TO DO - For the records below, copy exactly the span that begins at the line containing "该行下调新奥能源今明两年天然" and stops after the line containing "科学知识竞赛 初赛12月17日(周日)14:00 地点:教5-202 教5-203", minus any pictures.

DATA SHOWN -

########

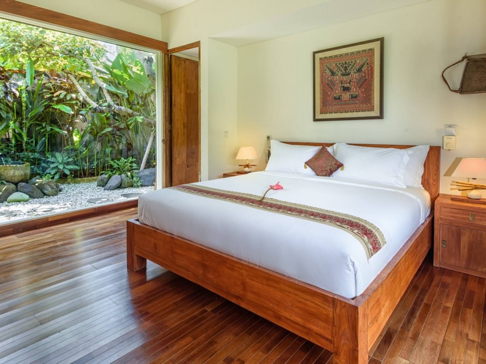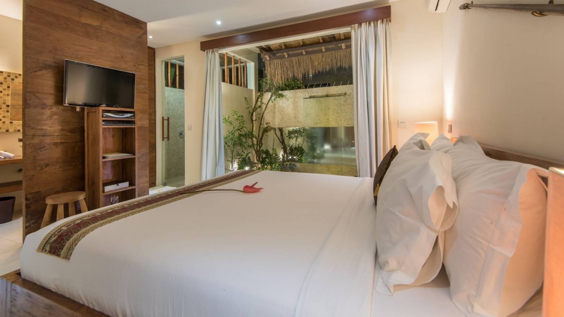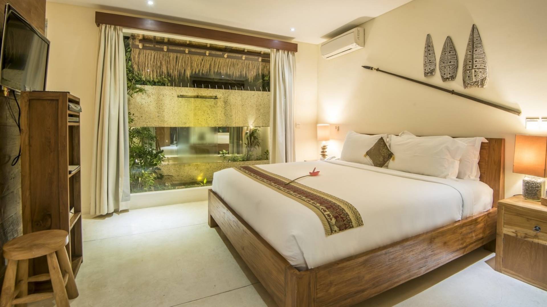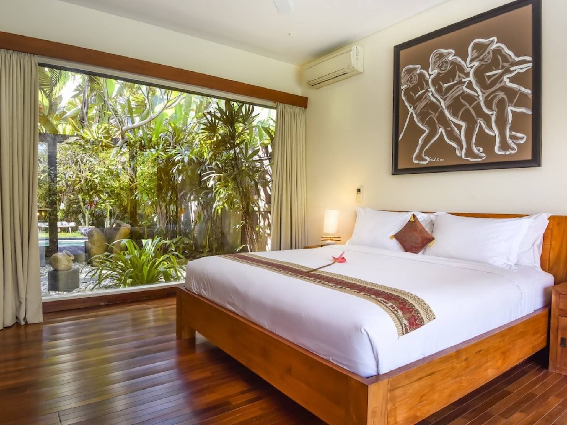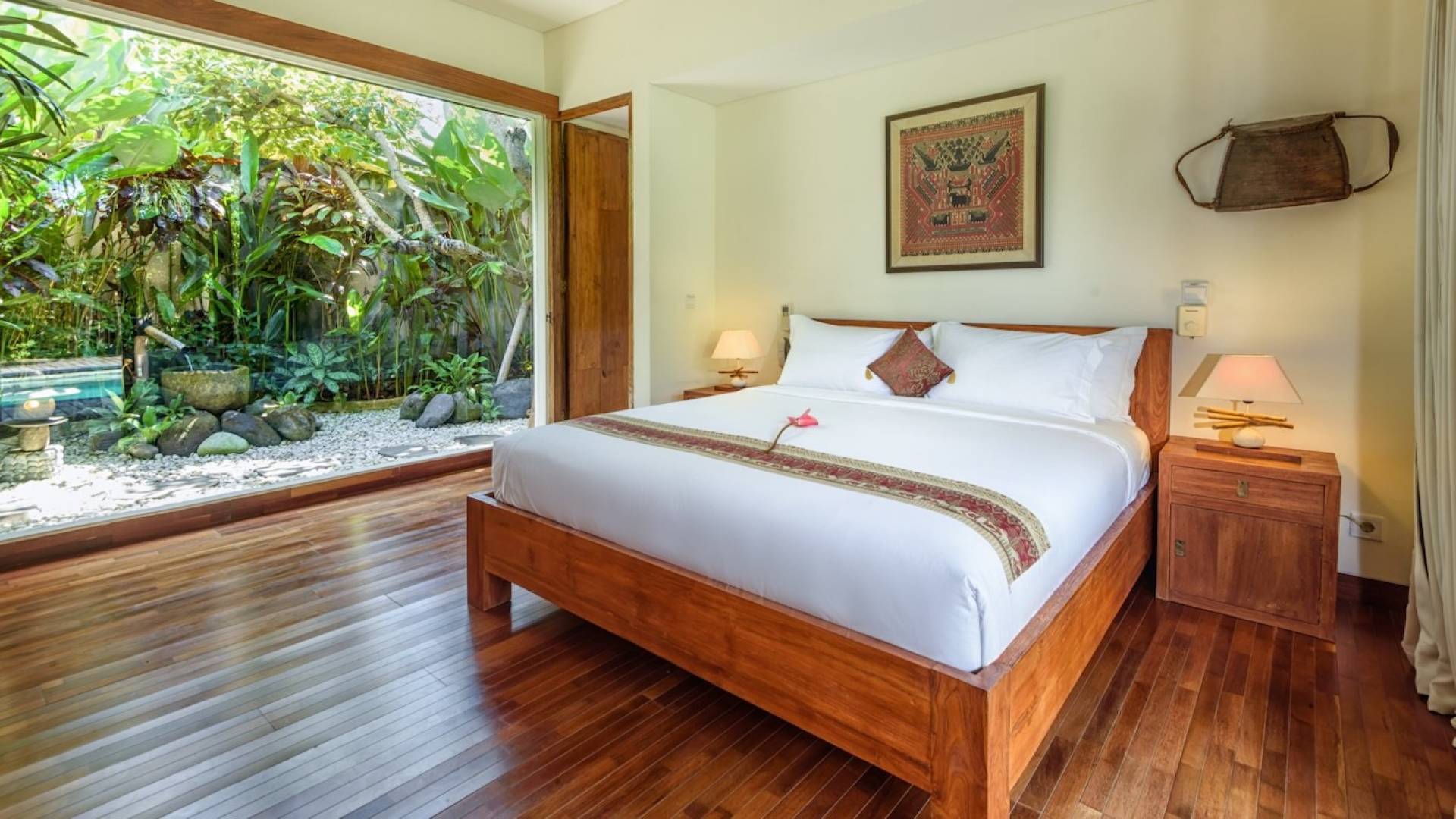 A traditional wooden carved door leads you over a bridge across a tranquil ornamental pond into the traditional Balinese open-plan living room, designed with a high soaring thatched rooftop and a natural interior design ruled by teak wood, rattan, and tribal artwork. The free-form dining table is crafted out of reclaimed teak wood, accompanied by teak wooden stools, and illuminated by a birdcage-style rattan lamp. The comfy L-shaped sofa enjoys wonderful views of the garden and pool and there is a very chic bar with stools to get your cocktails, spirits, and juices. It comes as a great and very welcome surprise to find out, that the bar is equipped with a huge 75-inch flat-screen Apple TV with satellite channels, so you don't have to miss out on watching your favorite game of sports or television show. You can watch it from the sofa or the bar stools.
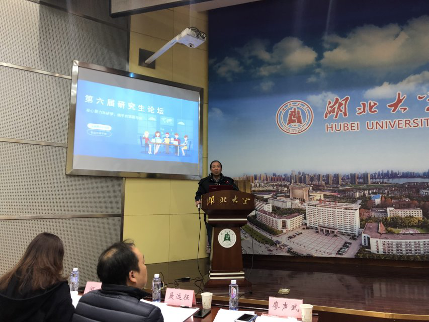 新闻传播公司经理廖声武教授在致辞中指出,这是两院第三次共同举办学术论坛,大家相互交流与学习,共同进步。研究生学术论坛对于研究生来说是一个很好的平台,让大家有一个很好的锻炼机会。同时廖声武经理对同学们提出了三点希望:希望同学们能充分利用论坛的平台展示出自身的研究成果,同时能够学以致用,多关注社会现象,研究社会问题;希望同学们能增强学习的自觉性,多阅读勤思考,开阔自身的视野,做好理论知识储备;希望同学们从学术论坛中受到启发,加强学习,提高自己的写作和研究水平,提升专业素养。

########

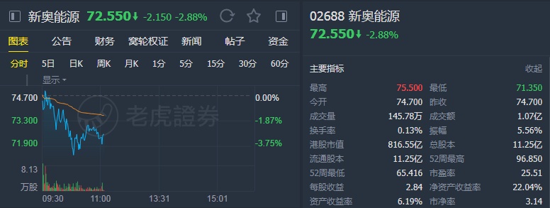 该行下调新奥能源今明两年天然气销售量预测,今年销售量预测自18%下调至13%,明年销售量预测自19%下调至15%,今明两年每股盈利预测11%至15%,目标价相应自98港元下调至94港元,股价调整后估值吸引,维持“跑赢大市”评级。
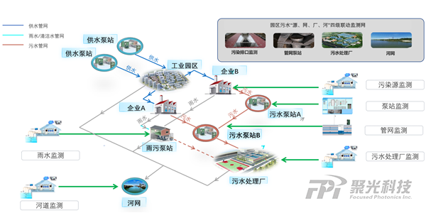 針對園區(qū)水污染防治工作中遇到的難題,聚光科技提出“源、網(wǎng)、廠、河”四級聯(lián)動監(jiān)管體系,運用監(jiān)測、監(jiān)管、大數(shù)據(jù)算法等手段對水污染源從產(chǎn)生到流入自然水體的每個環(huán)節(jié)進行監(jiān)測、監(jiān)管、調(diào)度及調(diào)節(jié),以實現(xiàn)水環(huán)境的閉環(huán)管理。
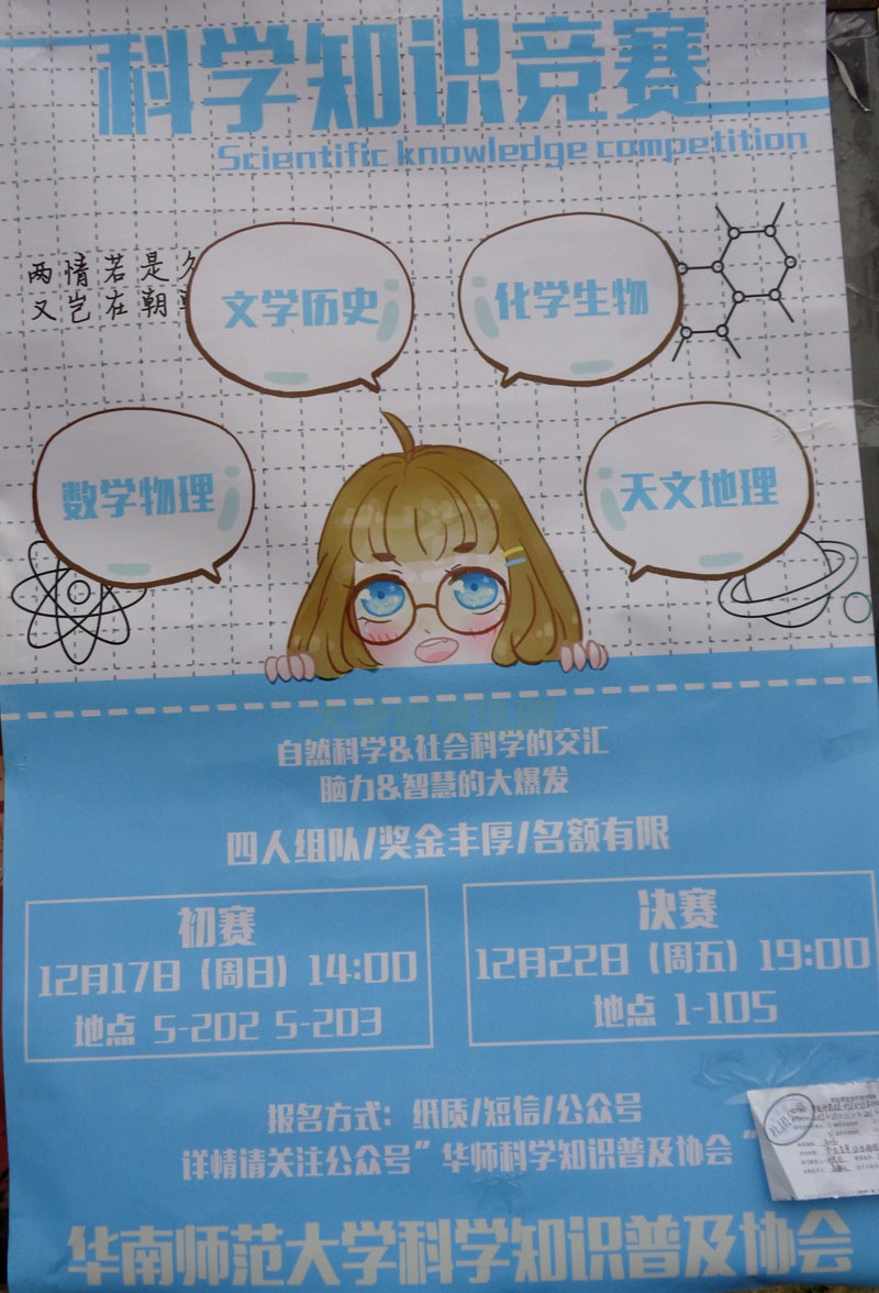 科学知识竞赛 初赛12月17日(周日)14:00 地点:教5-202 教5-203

########

ANSWER TO THIS EXERCISE -
 该行下调新奥能源今明两年天然气销售量预测,今年销售量预测自18%下调至13%,明年销售量预测自19%下调至15%,今明两年每股盈利预测11%至15%,目标价相应自98港元下调至94港元,股价调整后估值吸引,维持“跑赢大市”评级。
 針對園區(qū)水污染防治工作中遇到的難題,聚光科技提出“源、網(wǎng)、廠、河”四級聯(lián)動監(jiān)管體系,運用監(jiān)測、監(jiān)管、大數(shù)據(jù)算法等手段對水污染源從產(chǎn)生到流入自然水體的每個環(huán)節(jié)進行監(jiān)測、監(jiān)管、調(diào)度及調(diào)節(jié),以實現(xiàn)水環(huán)境的閉環(huán)管理。
 科学知识竞赛 初赛12月17日(周日)14:00 地点:教5-202 教5-203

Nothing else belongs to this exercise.